Sebagian wilayah Indonesia mengalami kekurangan air, umumnya disebabkan oleh kelangkaan hutan yang menjadi sumber resapan, banyak pohon-pohon besar yang ditebang dan lahannya dijadikan proyek pembangunan infrastruktur dan investasi besar-besaran seperti pertambangan dan perkebunan. Berkurangnya ruang terbuka hijau atau resapan karena dijadikan pemukiman juga berpengaruh pada kondisi cadangan air tanah. Namun sayang, kebijakan liberalisasi yang diberlakukan di negeri ini justru mengijinkan pihak swasta mengelola yang orientasinya keuntungan, tanpa mempertimbangkan bahaya jangka panjang.
Padahal jelas, air adalah sumber kehidupan bagi manusia, ketersediaannya harus senantiasa ada dan dijaga. Dalam sistem sekuler kapitalis kebijakan yang diambil tidak menyelesaikan masalah karena tidak menyentuh akar permasalahannya. Berkurangnya daerah resapan menunjukan gurita kapitalisme kian mencengkeram. Kebijakan yang diambil menguntungkan pihak yang bermodal dengan mengizinkan mereka untuk mengekploitasi lahan demi industrialisasi dan hunian-hunian elit.
Negara dan penguasa hanya mementingkan keuntungan dari segi materi saja, tidak memikirkan soal kelestarian alam dan keberlangsungan kehidupan di masa depan. Begitu juga dengan masalah air, solusi yang diambil hanya untuk sesaat, yaitu dengan sekedar menyediakan tangki-tangki ketika bencana tiba, yang mana hal ini tentu tidak menyelesaikan masalah secara tuntas.
Berbeda dengan Islam, negara akan menjaga ketersediaan air agar masyarakat tidak kekurangan. Air adalah sumber daya alam milik umum, keberadaanya harus dijaga oleh negara untuk memenuhi kebutuhan rakyatnya. Dalam Islam sumber daya alam seperti hutan, sungai, danau, laut pemanfatannya harus dirasakan rakyat. Sumber daya alam ini akan dikelola oleh negara, tidak boleh dimiliki oleh asing atau perorangan.

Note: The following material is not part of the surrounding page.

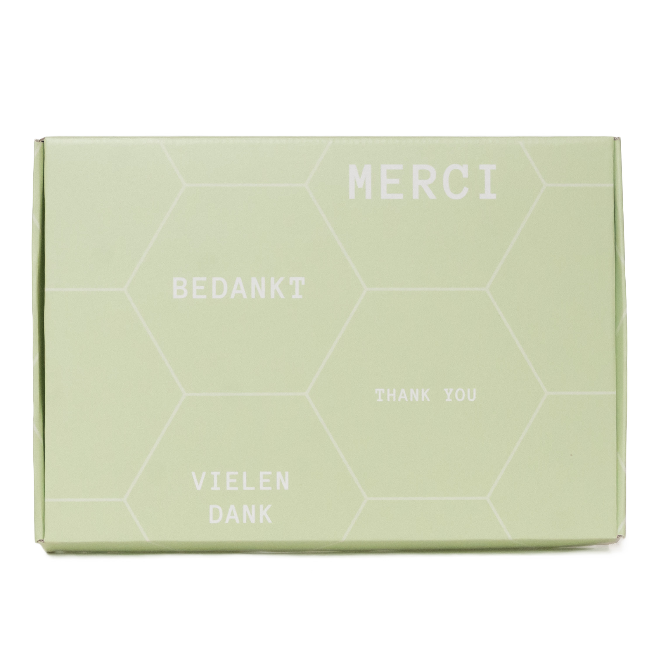 Op dit doosje staat bedankt in verschillende talen. Stel een fantastisch brievenbuspakket met dit brievenbusdoosje samen.

Banjir dan kekeringan adalah permasalahan yang sama-sama bersumber dari air, butuh keseimbangan dalam menjaganya agar tidak terjadi bencana. Islam benar-benar mengajarkan hal tersebut, misalnya menetapkan sumber daya alam hutan, sungai tambang sebagai milik rakyat. Mengatur soal penggunaan tanah dan pentingnya memperhatikan tata ruang, melarang dengan tegas eksplorasi dan ekploitasi secara serampangan seperti yang dilakukan sekarang. Adab terhadap alam dinilai sebagian dari iman.
Maka siapapun yang melakukan kerusakan terhadap alam dianggap sebagai kejahatan dan kemaksiatan. Penguasa dalam Islam betul-betul berperan dalam mengurus dan menjaga umat. Melalui pelaksanaan syariat, keseimbangan alam terjaga, hutan akan terawat, sehingga umat mendapatkan manfaat bukan madharat.